It's fine to want consideration from others. Expecting it, well that's a different story. For a parent, watching and planning a daughter's wedding, there are a lot of people to consider, lots of expectations, lots of feelings that could be hurt. Sometimes family members have to just suck it up and deal when these situations occur. It's not ideal, but it is what it is. If you cannot change someone else, then what happens? You change yourself, your attitude and your expectations. You change your perception. If the OP could change her perception, this wouldn't even be an issue. It's all in how you look at it.

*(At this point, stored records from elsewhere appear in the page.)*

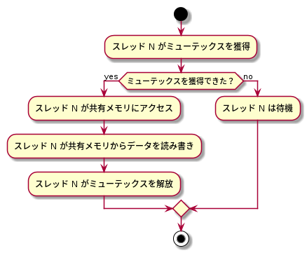そこで、このプログラムでは、ミューテックス という、共有メモリへのアクセスの秩序を守る守護者を配置しています。
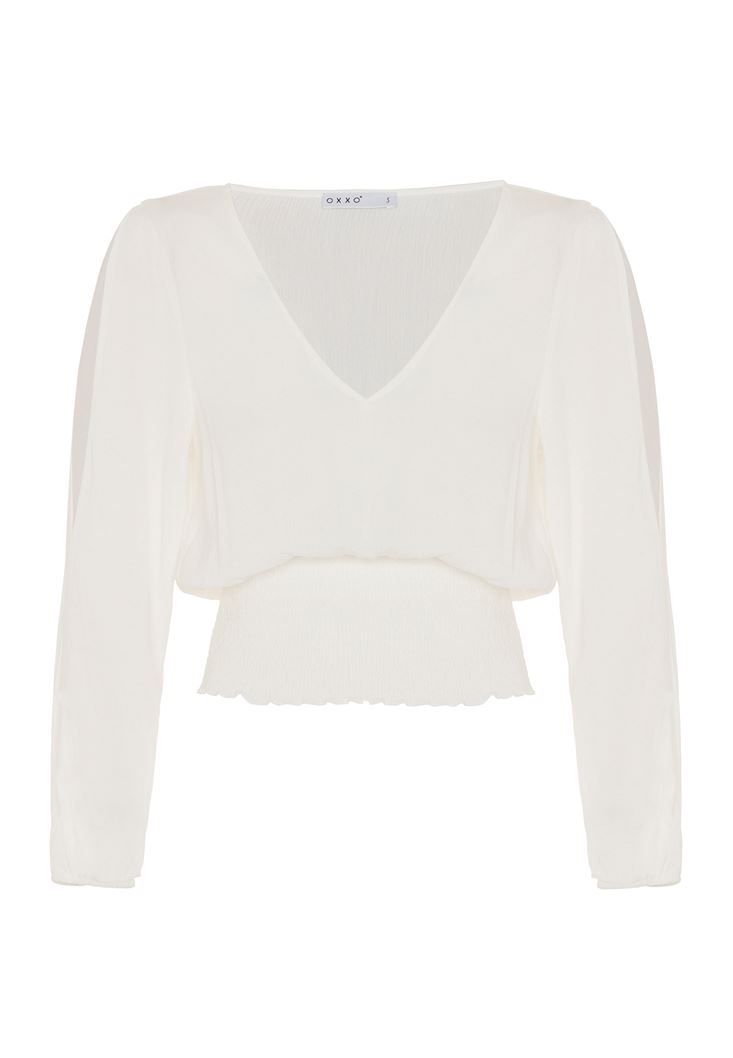 • Bayan Krem Kol Detaylı Beli Lastikli Bluz
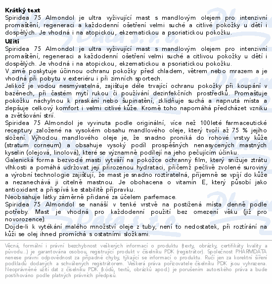 Spiridea 75 Almondol je ultra vyživující mast s mandlovým olejem pro intenzivní promaštění, regeneraci a každodenní ošetření velmi suché a citlivé pokožky u dětí i dospělých. Je vhodná i na atopickou, ekzematickou a psoriatickou pokožku.
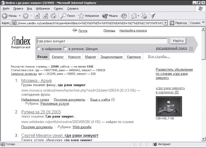 Если вы не хотите углубляться в детали техники поиска, то можете просто задать поисковой машине вопрос так же, как задали бы его человеку, у которого хотите получить совет. Например, «как быстро похудеть», «есть ли жизнь на Марсе», «где раки зимуют» (рис. 4.2) или просто «работа журналиста».
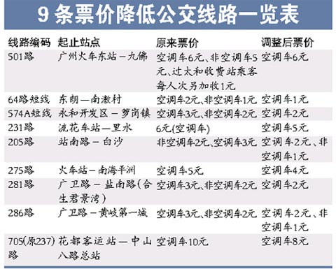 第三是广佛同城化,随着广佛年票互通互认、公路客运附加费及运输管理费取消,相关公交线路的票价也应该相应适度调整降低。这方面的公交线路共计6条,具体包括231路、205路、275路、281路、286路以及705路(原先编号为237路)等。
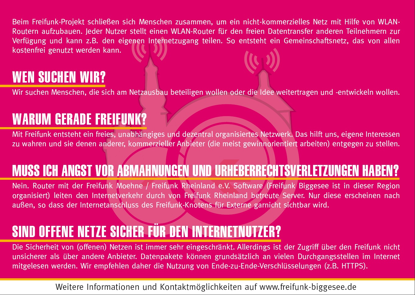 Thomas Klose ist von der FREIFUNK-IDEE überzeugt: “Wäre es nicht ein tolle Sache, wenn ein solches, freies WLAN „rund um den Biggesee“ nicht nur auf wenige Punkte in Wenden beschränkt, sondern einfach überall verfügbar wäre? In Einzelhandelsgeschäften und auf der Straße? FREIFUNK ist eine einfache, sichere und kostengünstige Möglichkeit, genau dies zu bewerkstelligen!”

While I agree with you that it is ideal for people to be considerate of others in uncomfortable situations, I can't see how the Mom is being inconsiderate here. At least, not purposefully. Her child is getting married. She wants to to stay at the same hotel with her family. I have to say, when my child gets married, my main concern will be my child and my experience in seeing her get married. I'm sorry, but I won't be concerned with whether or not someone is uncomfortable with my being at the same hotel. Not on my radar. Maybe this is how the BM in this case perceives the issue, as well. Again, it's all in the perception.

JMHO.

belleboudeuse's picture

Well, from reading the original post, the OP says that the BM "plans" to get a room right next to the OP and her husband. I read that as in, right next door. Not "in the same hotel." You say that you won't be concerned with whether someone is concerned that you're in the same hotel, because it won't be on your radar. But from what the OP says, this is not someone who just "happened" to be booked in the room next to theirs, it's the BM planning actively to do that. That doesn't sound like it's not "on her radar." It sounds like she is doing it very much on purpose.

Perhaps I'm not reading that right. But if that is what she plans, and she didn't talk about it with her ex and her ex's wife, then I think that's inappropriate and the OP should feel fine changing rooms if she doesn't feel comfortable being that close. The BM has the right to do whatever she wants -- but the OP has the right to move herself to another floor if she doesn't feel comfortable. How is that harming the BM?

BB

You are not second best, you are not second class. Do not ever let anyone make you feel that way. - 2BLoved

exhausted step mom's picture

No she did not ask myself or the DH anything reguarding it. Infact if I had not seen it on FB then we would never had known. She wanted to know what rooms we were all in.

But hey....I am not second best or second class and will handle it accordingly. It is what it is and that is it.

I was venting and wish to hell that I had just kept it all inside. I guess it's a leason well learned. None of you can even imagine what this woman is like and really I don't have the time or finger strength to type it all.

But I do appreciate you belleboudeuse, as I do beleave that you are trying to genuinely help me with the situation. Though I do or rather did enjoy the silly visions that I got from some of the other posts.

Thanks

lifeisshort's picture

We don't know that when BM asked where "everyone" was staying that her objective was to get a room right next to SM. Really? Does the SM think that she's so important to BM that BM's real objective in all this is to be near her? And even if it is, so what?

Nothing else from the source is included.